- Maczków
- Coordinates: 52°17′9″N 14°44′49″E﻿ / ﻿52.28583°N 14.74694°E
- Country: Poland
- Voivodeship: Lubusz
- County: Słubice
- Gmina: Cybinka

Population
- • Total: 150
- Time zone: UTC+1 (CET)
- • Summer (DST): UTC+2 (CEST)
- Postal code: 69-108
- Vehicle registration: FSL

= Maczków =

Maczków is a village in the administrative district of Gmina Cybinka, within Słubice County, Lubusz Voivodeship, in western Poland, close to the German border. It is located within the historic Lubusz Land.

==History==
There are several archaeological sites from the Stone Age, Bronze Age, antiquity and the Middle Ages in the village.
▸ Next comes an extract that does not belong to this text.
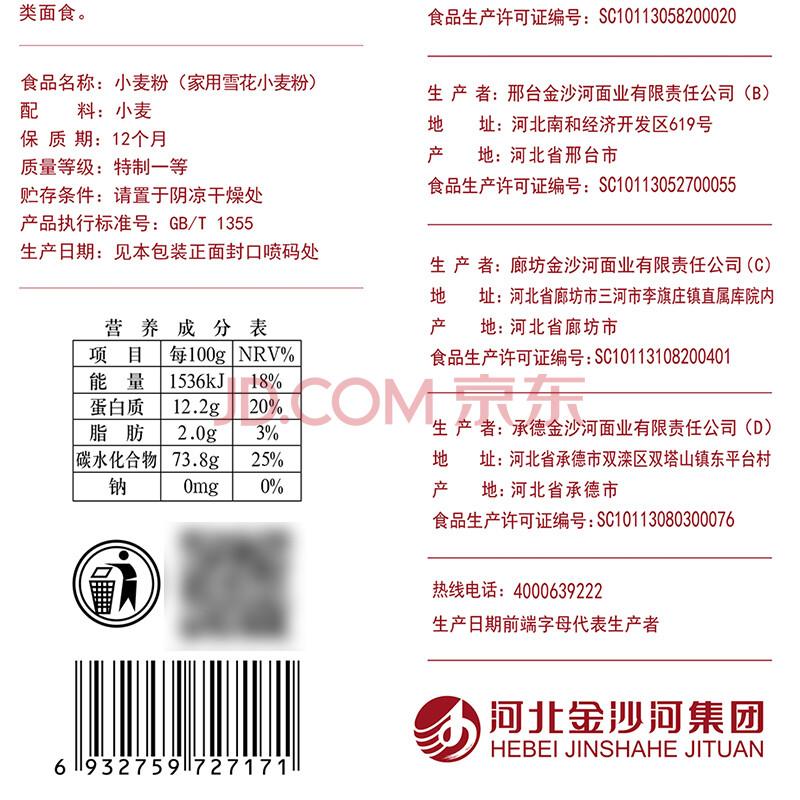 金沙河面粉家用雪花小麦粉 包子 馒头 饺子 烙饼 中筋烘焙白面粉 饺子粉 通用面粉 中式面点 家用面粉5KG
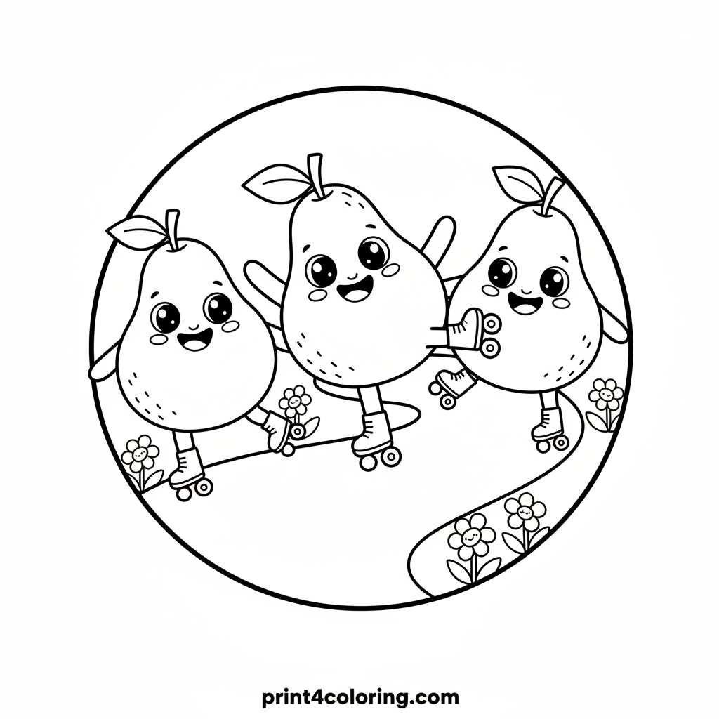 Join three cheerful pears as they zoom down a gentle, wavy path on their roller skates! Each pear wears a big smile, and one is striking a silly pose. Simple, happy flowers line the path, creating a super cute and cozy scene. Get ready for a fun coloring adventure!

The area formed part of Poland since the establishment of the state in the 10th century by the Piast dynasty. The territory was administratively located within the Lubusz castellany and the Catholic Diocese of Lubusz, both established in the early 12th century by Polish ruler Bolesław III Wrymouth. The current settlement was probably formed in the early 13th century. It was mentioned in documents in 1405, when it was a possession of the Knights Hospitaller from Łagów. After Polish rule, the village was part of the Margraviate of Brandenburg and Bohemia (Czechia). In 1590 a paper mill was established and soon afterwards also a sawmill and a mill on the Ilanka River. Despite the annexation of the territory by Brandenburg, the area was still inhabited by Poles in the 17th century. From the 18th century, it was part of Prussia, and from 1871 to 1945 it was also part of Germany. After the defeat of Nazi Germany in World War II, in 1945, along with the right-bank Lubusz Land (portion situated east of the Oder River) the village became again part of Poland.